* Input data:
◆ ◆ ◆ ◆ ◆

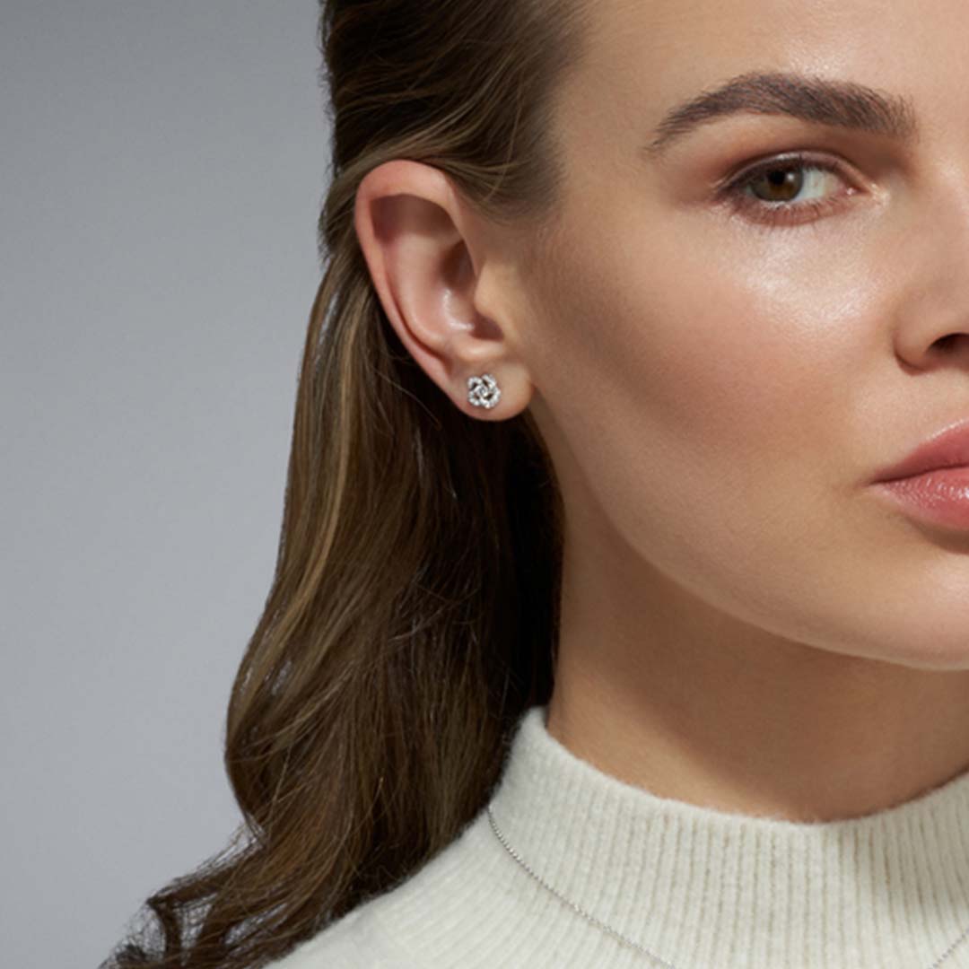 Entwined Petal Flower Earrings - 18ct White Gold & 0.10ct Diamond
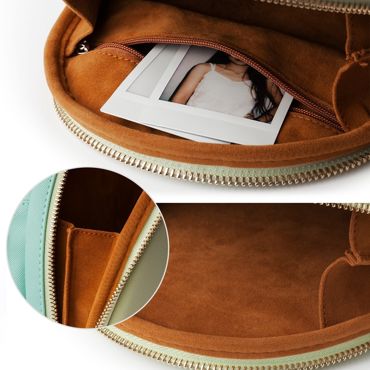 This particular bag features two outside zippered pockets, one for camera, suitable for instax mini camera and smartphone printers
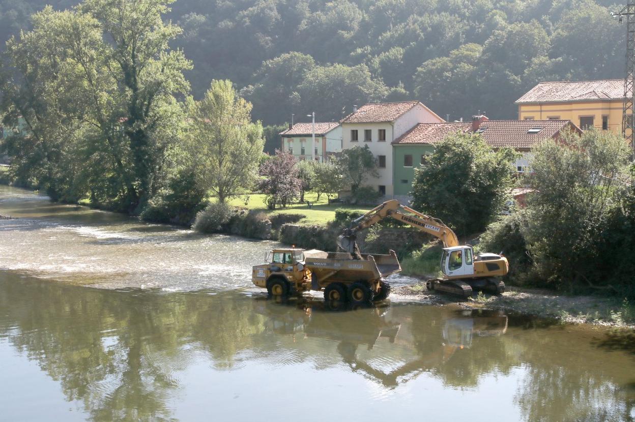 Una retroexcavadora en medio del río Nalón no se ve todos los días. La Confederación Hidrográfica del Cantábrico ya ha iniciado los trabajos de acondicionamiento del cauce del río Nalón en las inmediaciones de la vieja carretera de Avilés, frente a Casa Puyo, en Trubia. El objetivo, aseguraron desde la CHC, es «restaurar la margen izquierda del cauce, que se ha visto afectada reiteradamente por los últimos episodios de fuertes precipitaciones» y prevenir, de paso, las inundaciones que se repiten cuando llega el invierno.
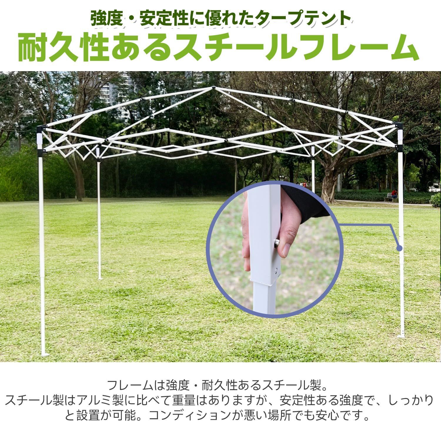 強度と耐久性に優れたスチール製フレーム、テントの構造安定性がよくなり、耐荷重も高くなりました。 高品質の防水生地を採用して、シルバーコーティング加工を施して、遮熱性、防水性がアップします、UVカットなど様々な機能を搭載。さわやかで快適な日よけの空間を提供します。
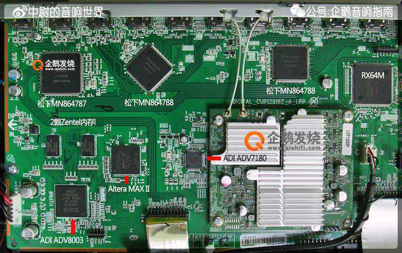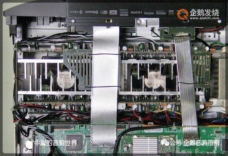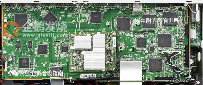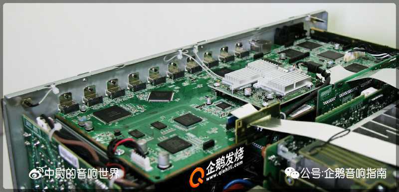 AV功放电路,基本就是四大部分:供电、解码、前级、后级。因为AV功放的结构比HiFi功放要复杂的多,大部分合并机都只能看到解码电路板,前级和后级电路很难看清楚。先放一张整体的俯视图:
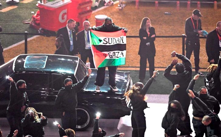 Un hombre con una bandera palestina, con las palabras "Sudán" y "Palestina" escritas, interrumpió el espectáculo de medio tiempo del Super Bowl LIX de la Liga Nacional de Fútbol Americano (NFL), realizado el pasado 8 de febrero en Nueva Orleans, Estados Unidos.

◆ ◆ ◆ ◆ ◆

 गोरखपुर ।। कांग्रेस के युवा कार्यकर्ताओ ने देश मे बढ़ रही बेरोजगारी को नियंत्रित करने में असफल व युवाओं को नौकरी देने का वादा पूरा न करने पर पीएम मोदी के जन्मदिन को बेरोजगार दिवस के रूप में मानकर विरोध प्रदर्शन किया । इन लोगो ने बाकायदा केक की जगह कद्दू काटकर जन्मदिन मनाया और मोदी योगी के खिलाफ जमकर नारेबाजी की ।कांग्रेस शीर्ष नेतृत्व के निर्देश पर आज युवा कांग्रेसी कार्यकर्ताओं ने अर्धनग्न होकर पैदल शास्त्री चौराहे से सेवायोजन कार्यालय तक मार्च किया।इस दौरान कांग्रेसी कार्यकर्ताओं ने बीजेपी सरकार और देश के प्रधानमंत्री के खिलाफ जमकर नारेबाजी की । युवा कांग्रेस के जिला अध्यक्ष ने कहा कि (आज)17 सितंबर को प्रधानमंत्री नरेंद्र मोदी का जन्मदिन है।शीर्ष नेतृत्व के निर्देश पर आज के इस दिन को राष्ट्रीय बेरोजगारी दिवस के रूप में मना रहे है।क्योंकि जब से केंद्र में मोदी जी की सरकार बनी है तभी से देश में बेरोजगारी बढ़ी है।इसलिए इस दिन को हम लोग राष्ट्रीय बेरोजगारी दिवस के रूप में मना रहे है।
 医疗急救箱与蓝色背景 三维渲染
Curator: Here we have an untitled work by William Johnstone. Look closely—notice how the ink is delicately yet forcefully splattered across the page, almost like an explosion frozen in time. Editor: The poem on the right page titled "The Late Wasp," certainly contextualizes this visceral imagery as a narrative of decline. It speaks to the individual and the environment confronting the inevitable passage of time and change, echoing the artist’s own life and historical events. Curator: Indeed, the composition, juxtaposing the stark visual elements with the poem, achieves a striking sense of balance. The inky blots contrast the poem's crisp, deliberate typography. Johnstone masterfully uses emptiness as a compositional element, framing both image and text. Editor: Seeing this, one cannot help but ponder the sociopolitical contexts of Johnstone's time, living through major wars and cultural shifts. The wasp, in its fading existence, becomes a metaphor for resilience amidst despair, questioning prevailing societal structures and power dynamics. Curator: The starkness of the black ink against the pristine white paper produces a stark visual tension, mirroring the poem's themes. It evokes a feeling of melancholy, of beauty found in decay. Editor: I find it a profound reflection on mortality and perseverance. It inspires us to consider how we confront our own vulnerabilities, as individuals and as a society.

◆ ◆ ◆ ◆ ◆

* What is required: The lines to set down run from the line with "This particular bag" up to and including the line with "Una retroexcavadora en" in the entries above. Reproduce them exactly, with no pictures.

* Answer for the task:
 This particular bag features two outside zippered pockets, one for camera, suitable for instax mini camera and smartphone printers
 Una retroexcavadora en medio del río Nalón no se ve todos los días. La Confederación Hidrográfica del Cantábrico ya ha iniciado los trabajos de acondicionamiento del cauce del río Nalón en las inmediaciones de la vieja carretera de Avilés, frente a Casa Puyo, en Trubia. El objetivo, aseguraron desde la CHC, es «restaurar la margen izquierda del cauce, que se ha visto afectada reiteradamente por los últimos episodios de fuertes precipitaciones» y prevenir, de paso, las inundaciones que se repiten cuando llega el invierno.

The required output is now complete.